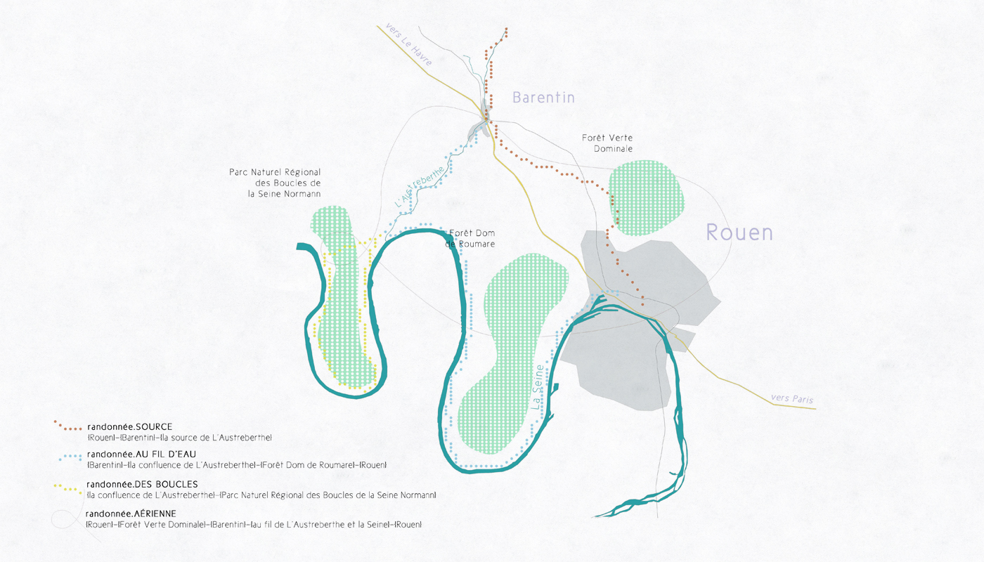 The province of Barentin city experiences serious ecological issues: the once emerging industrial area faces a demographic decline and the small but quite powerful L’Austreberthe river floods the whole valley four times a year that causes damages in the natural and built environment. Considering the rehabilitation of the centre of Barentin, the project must be handled on three different scales: regional, urban and architectural solutions have to be integrated into one whole comprehensive strategy.
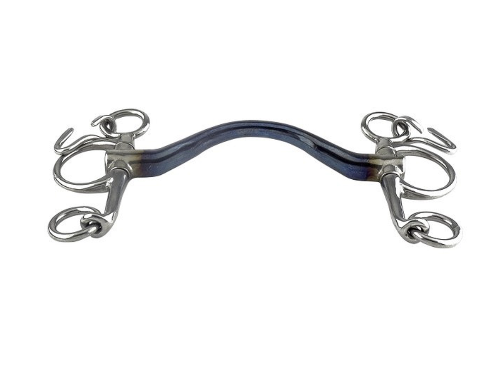 Trust Sweet Iron baby pelham med medium port. Sweet Iron ruster når det kommer i kontakt med fugt: overfladen smager sødt og stimulerer hestens naturlige spyt produktion. Dette får hesten til at skumme og det forbedrer dens accept af biddet og hjælper rytter og hest til en bedre kontakt. Oxidering ændrer farven på Trust bid i Sweet iron fra blå til mere brunlig grå efterhånden som biddet ruster. Et Sweet Iron bid får et orange-brunt rust lag på bidstykkerne, hvis biddet i en periode ikke anvendes. Dette kan man fjerne ved at tørre det af med en fugtig varm klud.
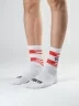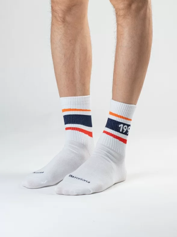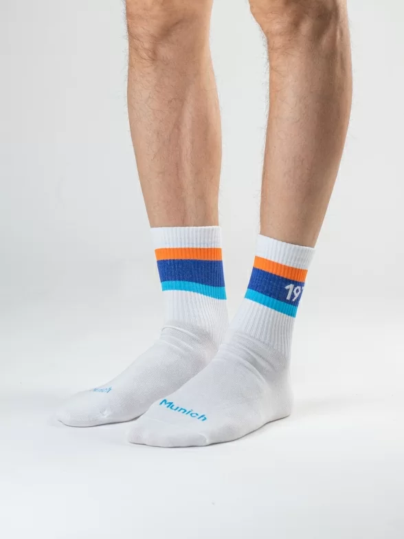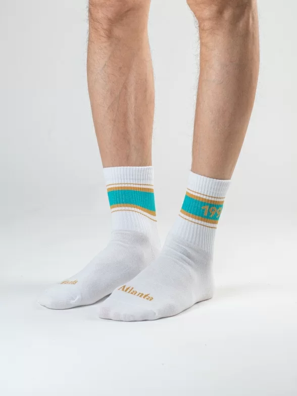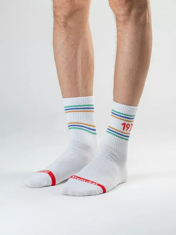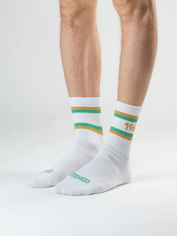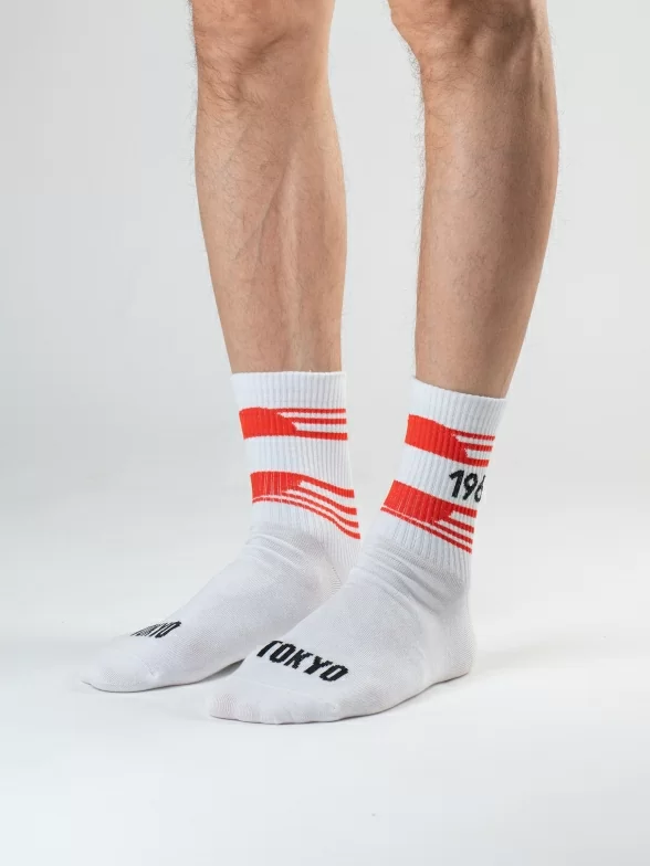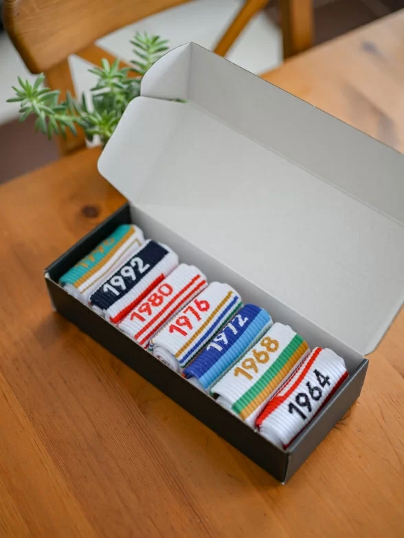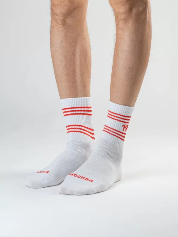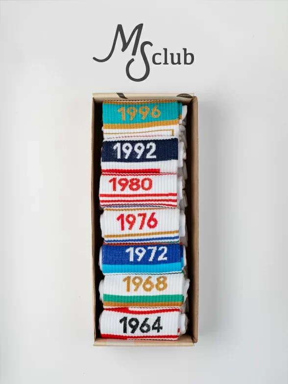 Все носки белого цвета укороченной длины с ощутимым уплотнением в месте шва на мыске; паголенок связан в рубчик. На каждой паре имеется контрастная полоса с своим годом проведения Олимпиады и на мыске вывязано название города, в котором она проводилась.
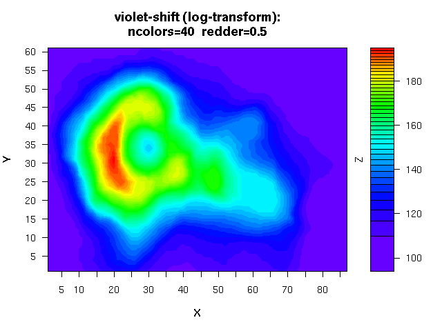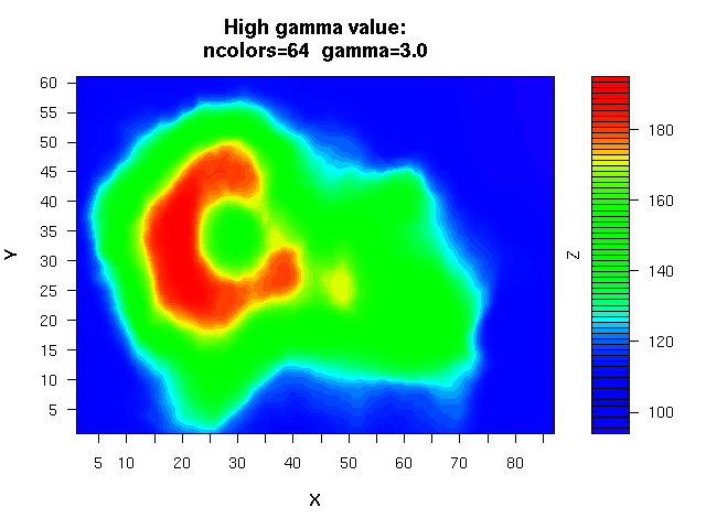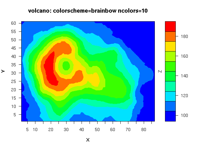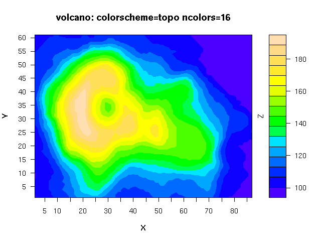 - several color-schemes for the Z dimension at the time of this writing the supported schemes are: 'rainbow', 'brainbow', 'danger', 'topo', 'terrain', 'gray', 'cm'. The default is my personal favorite: rainbow.
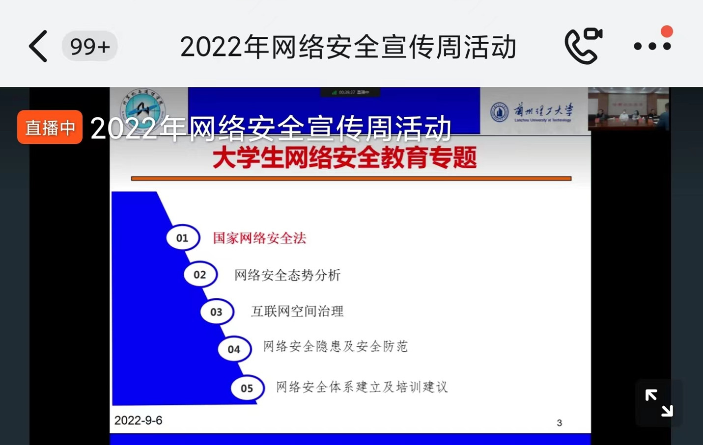 9月6日10时,研究院、研究生分院组织部分教职员工、学生参加线上校园日启动仪式。启动仪式上,活动相关负责人围绕教育系统组织开展好此次网络安全宣传周活动,共同维护网络安全、加强网络文明建设等提出具体要求、进行安排部署。兰州理工大学计算机与通信学院院长、博士生导师冯涛教授作了题为《网络安全态势与对策建议》的网络安全知识讲座。

:: TASK INSTRUCTIONS ::
Only the lines from the start of the records above through the line containing "- several color-schemes" should be returned, exactly and with both ends, please; the pictures stay out.

:: EXERCISE ANSWER ::
 The province of Barentin city experiences serious ecological issues: the once emerging industrial area faces a demographic decline and the small but quite powerful L’Austreberthe river floods the whole valley four times a year that causes damages in the natural and built environment. Considering the rehabilitation of the centre of Barentin, the project must be handled on three different scales: regional, urban and architectural solutions have to be integrated into one whole comprehensive strategy.
 Trust Sweet Iron baby pelham med medium port. Sweet Iron ruster når det kommer i kontakt med fugt: overfladen smager sødt og stimulerer hestens naturlige spyt produktion. Dette får hesten til at skumme og det forbedrer dens accept af biddet og hjælper rytter og hest til en bedre kontakt. Oxidering ændrer farven på Trust bid i Sweet iron fra blå til mere brunlig grå efterhånden som biddet ruster. Et Sweet Iron bid får et orange-brunt rust lag på bidstykkerne, hvis biddet i en periode ikke anvendes. Dette kan man fjerne ved at tørre det af med en fugtig varm klud.
 Все носки белого цвета укороченной длины с ощутимым уплотнением в месте шва на мыске; паголенок связан в рубчик. На каждой паре имеется контрастная полоса с своим годом проведения Олимпиады и на мыске вывязано название города, в котором она проводилась.
 - several color-schemes for the Z dimension at the time of this writing the supported schemes are: 'rainbow', 'brainbow', 'danger', 'topo', 'terrain', 'gray', 'cm'. The default is my personal favorite: rainbow.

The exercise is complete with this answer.